Notes on programming Pearl River (version 2nd) -- rotate an N-element vector to the left and I position (chapter 2)

Chapter 2 Aha! Algorithm

Chapter 2nd of programming Pearl River (version 2nd) gave three questions at the beginning. Question B is very interesting: rotating an N-yuan vector to the left to I position. For example, when n = 8 and I = 3, the vector abcdefgh is rotated to defghabc. Simple code uses an N-element intermediate vector to complete this work in n steps. Can you use only dozens of extra bytes of storage space, it is proportional to the time of N to complete vector rotation.

In fact, as mentioned in the question, if you do not consider space, this is a very simple problem. But can I solve this problem smartly when considering the space?
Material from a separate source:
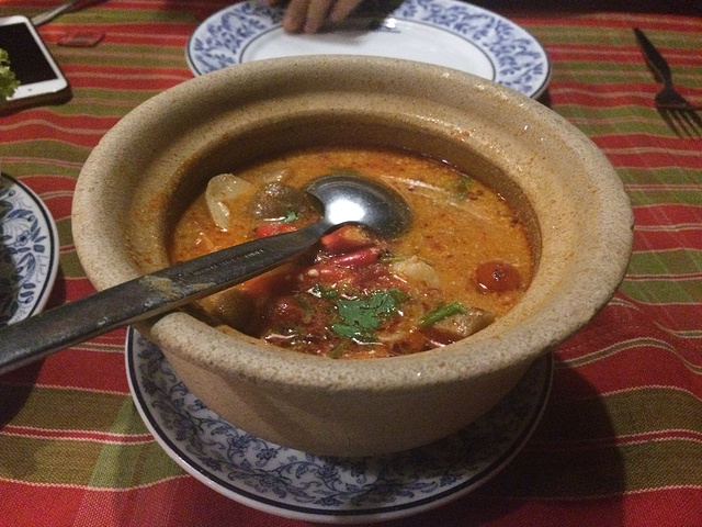 看完日落.临时决定去当地好玩又比较出名的餐厅享受晚餐.这间餐饮在PATTAYA比较有名.曼谷也有一家分店.除了味道大多数来源于他的名字.餐具与其他装饰的摆设都融入了CDS的一个主题.食物味道也不错..冬阴功一定.必须要点..来自游记曼谷芭提雅 轻松自由行

The book provides two sophisticated methods:

1. Method of modulus replacement:

In fact, we know that there is a space-saving solution: each time you rotate a position to the left (the time is proportional to N), you need to rotate for a total of I times. This solution consumes too much running time. The method of Modulo replacement is to try to move each number at a time. The general idea is to evaluate the model of N using I as the divisor, traverse the vector and move it in place at a time. Take the following two examples:

Example array: {1, 2, 3, 4, 5, 6, 7, 8, 9, 10, 11, 12}

(1) n = 12 and I = 5:

(2) n = 12 and I = 3:

The above two figures show two different situations. The maximum common divisor of n = 12 and I = 5 in example (1) is 1, so the constant modulo can traverse the array without repeating; in Example (2), n = 12 and I = 3 have the maximum number of public approx. 3, so the three positions are moved to the same place, therefore, you need to move to the next position to evaluate the modulus three times in total:

// Calculate the approximate number of unsigned int gcd (unsigned int A, unsigned int B) {unsigned int temp; while (B! = 0) {temp = A % B; A = B; B = temp;} return a;} void modshift (INT array [], int N, int rotdist) {unsigned int GCD = gcd (n, rotdist); For (INT I = 0; I <GCD; I ++) {int temp = array [I]; int J = I; int K; while (1) {int K = J + rotdist; If (k> = N) {k-= N ;} if (k = I) {break;} array [J] = array [k]; j = K;} array [J] = temp ;}}

2. Methods of piecewise recursive switching:

In fact, the rotating vector x is the two blocks of the exchange vector AB to obtain Ba (A represents the first I element in X ). If a is shorter than B, B is divided into two segments B1 and B2, so that B2 has the same length as A, and then a and b2 are exchanged, that is, ab1b2, to obtain b2b1a, the position of a is already the final position. Now the problem is concentrated on the exchange of b2b1, and the original problem is returned. Recursion continues, and the length of B1 and B2 is equal. The Code is as follows:

//swapShift//swap x[a .. a+offset-1] and x[b .. b+offset-1]void swap(int array[], int a, int b, int offset){int temp;for (int i = 0; i < offset; i++){temp = array[a + i];array[a + i] = array[b + i];array[b + i] = temp;}}void swapShift(int *array, int n, int rotdist){int p = rotdist;int i = p;int j = n - p;while (i != j){if (i > j){swap(array, p - i, p, j);i -=j;}else{swap(array, p - i, p + j - i, i);j -= i;}}swap(array, p - i, p, i);}

3. Inverse Method (FLIP algorithm)

Using Vector principle: divide the X vector into two parts: AB, a is the first I element, B is the last n-I element, first obtain the inverse of a, get the a-1b, then calculate the inverse of B to obtain the a-1b-1, and then obtain the inverse of the whole (a-1b-1)-1 = BA.

The Code is as follows:

//Reversevoid reverse(int array[], int low, int high){int temp = 0;for(int i = low; i <= (high + low) / 2; i++){temp = array[i];array[i] = array[high - (i - low)];array[high - (i - low)] = temp;}}void reverseShift(int *array, int n, int rotdist){reverse(array, 0, rotdist - 1);reverse(array, rotdist, n - 1);reverse(array, 0, n - 1);}

The code of the flip algorithm is very short and easy to understand. In addition, you do not need to write functions for string inversion, which is efficient in both time and space.

Summary:

A simple question is that different methods can be found from different perspectives, mainly through divergent thinking and efficient and easy-to-understand methods.